Your program should support 2 switches:

* `-gt ‹min_size›` that will print out suspiciously big files.
* `-f ‹total_size› ‹min_unused›` that will print out a file to be deleted.

### `-gt ‹min_size›`

With this switch you are provided one additional argument:

* `min_size` that is the lower bound (inclusive) for size of any file or
  directory that is supposed to be listed.

When your program is being run with this switch, it is is supposed to print out
all files **and** directories that are bigger than the provided `min_size`.

### `-f ‹total_size› ‹min_unused›`

With this switch you are provided two additional arguments:

* `total_size` that is a total size of the filesystem[^2].
* `min_unused` that is a minimum of free space required for an upgrade.

Your program should find **exactly one** file or a directory that is of the
smallest size, but big enough to free enough space for the upgrade to proceed.

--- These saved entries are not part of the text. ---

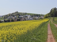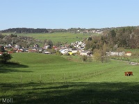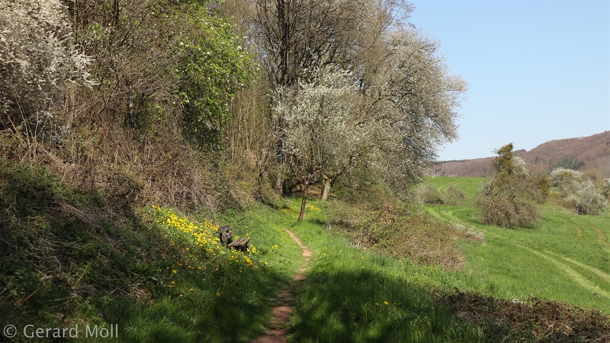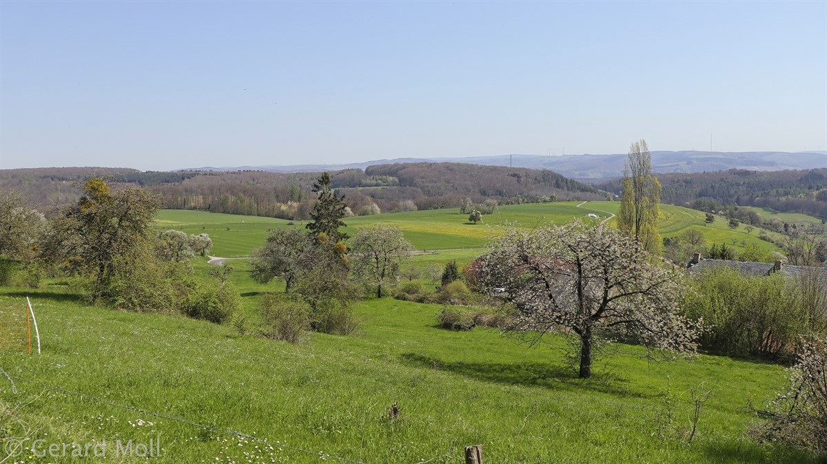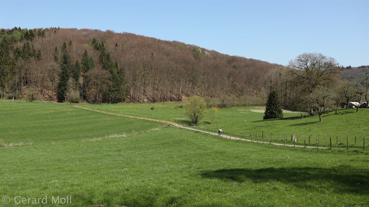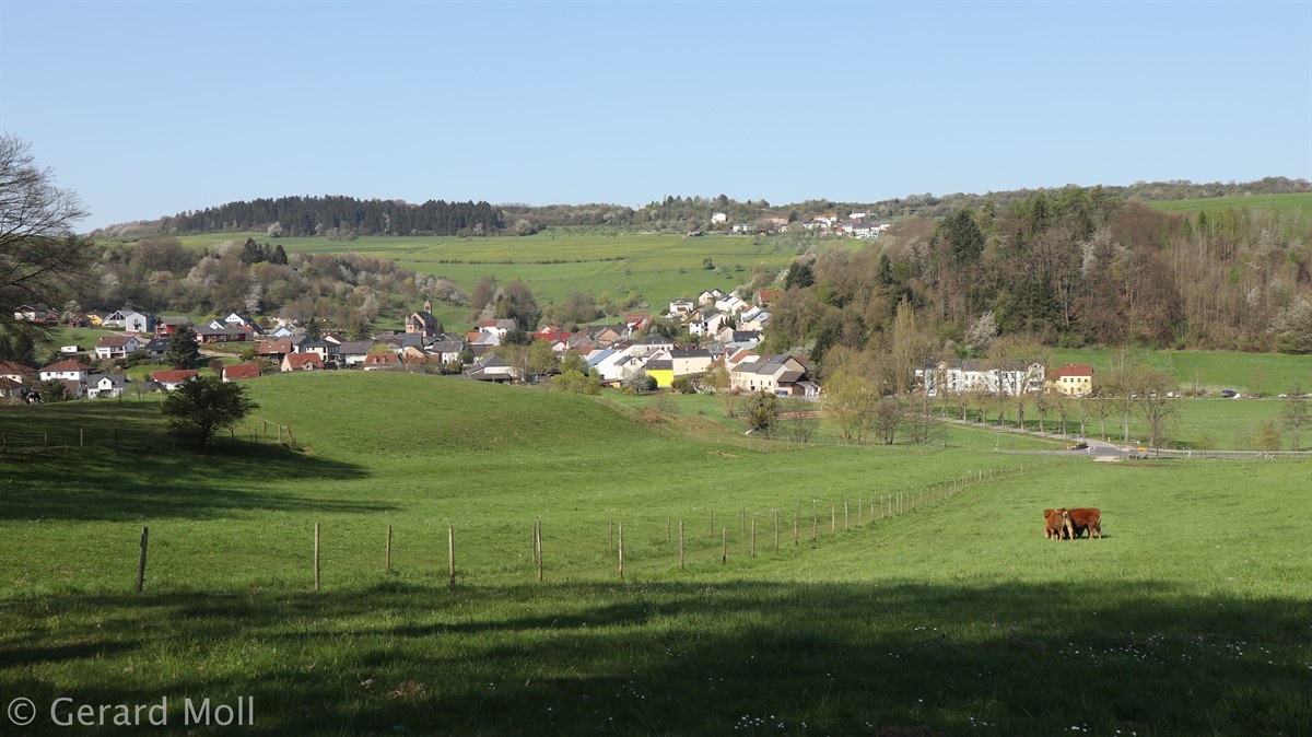 Vom Dorfplatz in Mannebach wandern wir durch Wälder bis zu den Höhlen der Hinkelsgret. Wie bei der vorherigen Tour gelangen wir über Kümmern nach Fisch und zurück nach Mannebach.
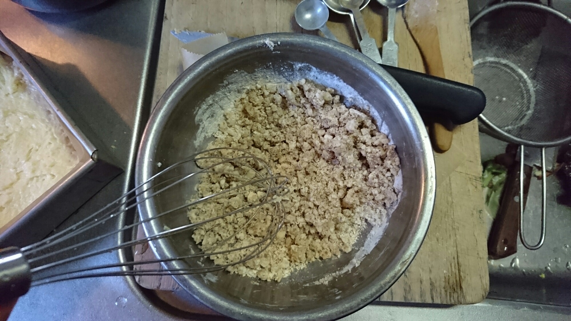 クランブルの溶かしバター以外の材料を混ぜてから、溶かしバターを加えてぽろぽろになるように混ぜます。泡だて器などで。
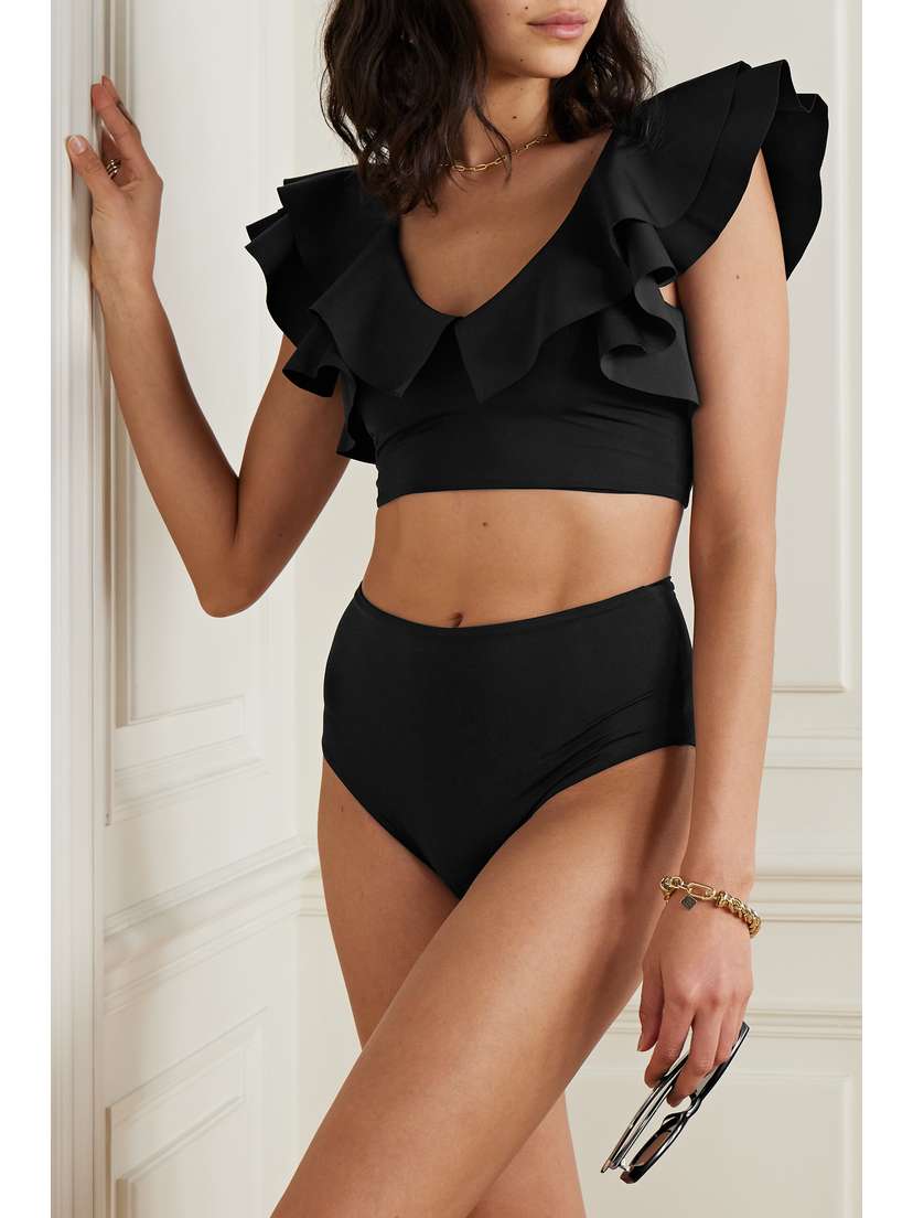 Бренд: Maygel Coronel Цвет: черный Мейджел Коронель создает купальники, воплощая женственность и комфорт. Это бикини «Mila» сшито вручную в Картахене (Колумбия) из гладкой эластичной ткани и украшено развевающимися оборками по V-образному вырезу. Трусики с высокой посадкой обеспечивают дополнительную защиту. Этот продукт произведен на местном уровне. Узнайте больше о NET SUSTAIN здесь.
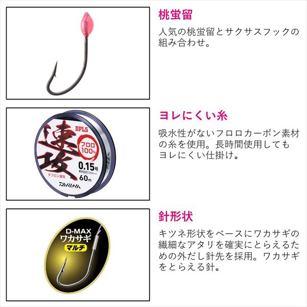 ダイワ 仕掛け クリスティアワカサギ SS誘惑ミドル 桃蛍留 マルチ6本-0.5号

In other words, if that file or directory is deleted, following should hold:
$$
\mathtt{total\_size} - \mathtt{used} \geq \mathtt{min\_unused}
$$

## Example usage

You can have a look at the example usage of your program. We can run your
program from the shell like

    $ ./garbage_collect shell_history.txt -gt 10000000
    24933642 /d
    14848514 /b.txt
    48381165 /

    $ ./garbage_collect shell_history.txt -f 70000000 30000000
    24933642 /d

## Requirements and notes

* Define **structures** (and **enumerations**, if applicable) for the parsed
  information from the files.
* For keeping the “records”, use some **dynamic** data structure.
  * Don't forget to consider pros and cons of using _specific_ data structures
    before going through implementing.
* You **are not required** to produce 1:1 output to the provided examples, they
  are just a hint to not waste your time tinkering with a user experience.
* If any of the operations on the input files should fail,
  **you are expected to** handle the situation _accordingly_.
* Failures of any other common functions (e.g. functions used for memory
  management) should be handled in **the same way** as they were in the
  homeworks and seminars.
* Your program **must free** all the resources before exiting.

[^1]: Also applies to Fedora, but… we use arch btw :wink:
[^2]: duh!